In the last week the search for Quine’s killer had started to eclipse all his other cases, but it was important to keep up with them unless he wanted to lose business. Miss Brocklehurst’s lover was a rich man who was likely to put plenty more jobs Strike’s way if he liked the detective’s work. The businessman had a predilection for youthful blondes, a succession of whom (as he had freely confessed to Strike at their first meeting) had taken large amounts of money and sundry expensive gifts from him only to leave or betray him. As he showed no sign of developing better judgement of character, Strike anticipated many more lucrative hours spent tailing future Miss Brocklehursts. Perhaps it was the betrayal that thrilled his client, reflected Strike, his breath rising in clouds through the icy air; he had known other such men. It was a taste that found its fullest expression in those who became infatuated with hookers.

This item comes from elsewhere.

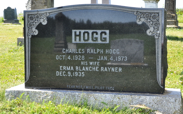 Inscription: HOGG / Charles Ralph Hogg / Oct. 4, 1928 - Jan. 4, 1973 / His Wife / Erma Blanche Rayner / Dec. 9, 1935 - 19 Feb. 2020 / Fear not, I will pilot thee.Back: HOGG.2,1  TombstoneNorth Bedeque Cemetery, Prince County, Prince Edward Island, Canada. Charles Ralph Hogg (1928-1973), his wife Erma Blanche Rayner (1935- ).

At ten to nine the curtains gave a small twitch. Faster than might have been expected from his attitude of casual relaxation, Strike raised the night-vision camera he had been concealing at his side.
Miss Brocklehurst stood briefly exposed to the dim snowy street in bra and pants, though her cosmetically enhanced breasts had no need of support. Behind her in the darkness of the bedroom walked a paunchy, bare-chested man who briefly cupped one breast, earning himself a giggled reproof. Both turned away into the bedroom.
Strike lowered his camera and checked his handiwork. The most incriminating image he had managed to capture showed the clear outline of a man’s hand and arm, Miss Brocklehurst’s face half turned in a laugh, but her embracer’s face was in shadow. Strike suspected that he might be about to leave for work, so he stowed the camera in an inside pocket, ready to give slow and cumbersome chase, and set to work on his third McMuffin.